A condenação a dois anos e meio de prisão é um aviso severo para quem estiver vigiando os dispositivos digitais de seus cônjuges. São delitos que, segundo todos os especialistas consultados para esta reportagem, se multiplicam com a proliferação de aplicativos que facilitam o rastreio de perfis da Internet e de redes sociais.
Em meados de julho em Jaén, no sul do país, foi preso um jovem acusado de instalar um programa espião no celular de sua namorada. A declaração policial incorporada ao processo revela que o software permitia que ele ativasse à distância a câmera e o microfone para ouvir conversas da namorada e controlá-la permanentemente. O jovem, “com um perfil ciumento e manipulador”, foi acusado de revelação de segredos, um delito que o Código Penal pune com um a quatro anos de prisão.
A Unidade de Investigação Tecnológica da Polícia Nacional espanhola afirma que não há registros concretos sobre estes delitos, mas a inspetora Silvia Barrera alerta que as denúncias estão aumentando. “Recebemos telefonemas de muitas vítimas, gente que vê coisas estranhas em seu telefone – baterias que duram pouco ou esquentam quando o telefone não está em uso – de pessoas que se sentem controladas por seus cônjuges. A primeira coisa que recomendamos, se for em contexto familiar, é tentar solucionar o problema nesse âmbito, antes de denunciar. Se as condutas persistirem, é possível recorrer a um perito que fará um relatório sobre o telefone ou tablet. A polícia não tem capacidade para analisar milhões de celulares, mas com a perícia podemos dar início a uma investigação”.

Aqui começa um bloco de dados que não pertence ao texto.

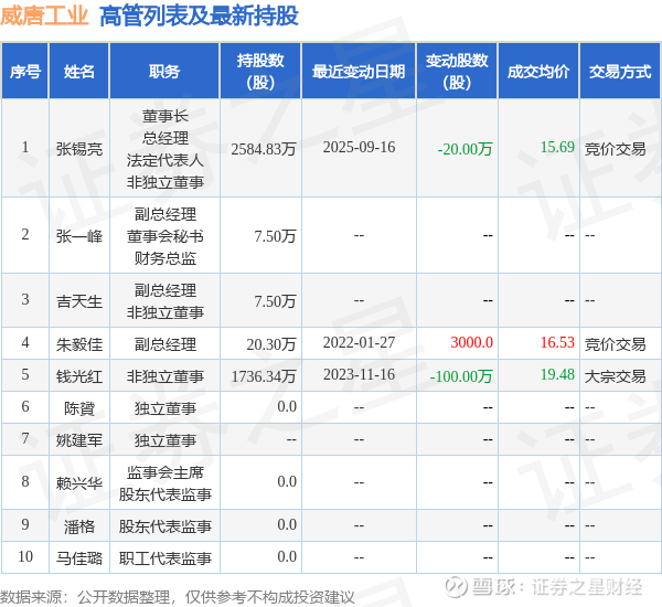威唐工业的高管列表及最新持股情况如下:

Depois de cada aparição televisiva de Chema Alonso, um dos hackers mais midiáticos, chovem novas ofertas (muitas remuneradas) para invadir a intimidade de terceiros por meio de seus telefones e computadores. “O número de pedidos que recebo é altíssimo. Encerrei minha conta noFacebook porque que era inundado por mensagens privadas. Milhares de pessoas me pediam de tudo: espionar celulares, redes sociais. Uma mulher de Madri me ligou há alguns anos para que eu espiasse o noivo de sua filha. Me neguei e ela depois me contou que tinha contratado um cibercriminoso estrangeiro e que tinha alugado um apartamento em frente ao do rapaz que queria vigiar. Fazer isso é muito fácil. Por sete ou oito euros ao mês é possível conseguir um vírus cavalo de troia. Quem instala é quem comete o delito”, afirma esse especialista em segurança cibernética que há anos denuncia práticas e até criou uma lista dos pedidos mais rocambolescos.
Esquemas que prometem ‘hackear’ Whatsapp e Facebook
É só teclar o verbo “espiar” no Google para que surjam dezenas de anúncios e esquemas para monitorar telefones, computadores e tablets. A imensa maioria, segundo a Unidade de Investigação Tecnológica da Polícia Nacional, são golpes que obrigam o interessado a seguir uma série de passos até introduzir um número de telefone que, normalmente, acaba levando a números de tarifação adicional. “Poucas vezes isso é denunciado”, afirma a inspetora Silvia Barrera, porque, ao fazê-lo, a pessoa estaria se culpando de um delito. “Os servidores”, segundo a agente, estão em outros países porque tudo faz parte de um “verdadeiro negócio”.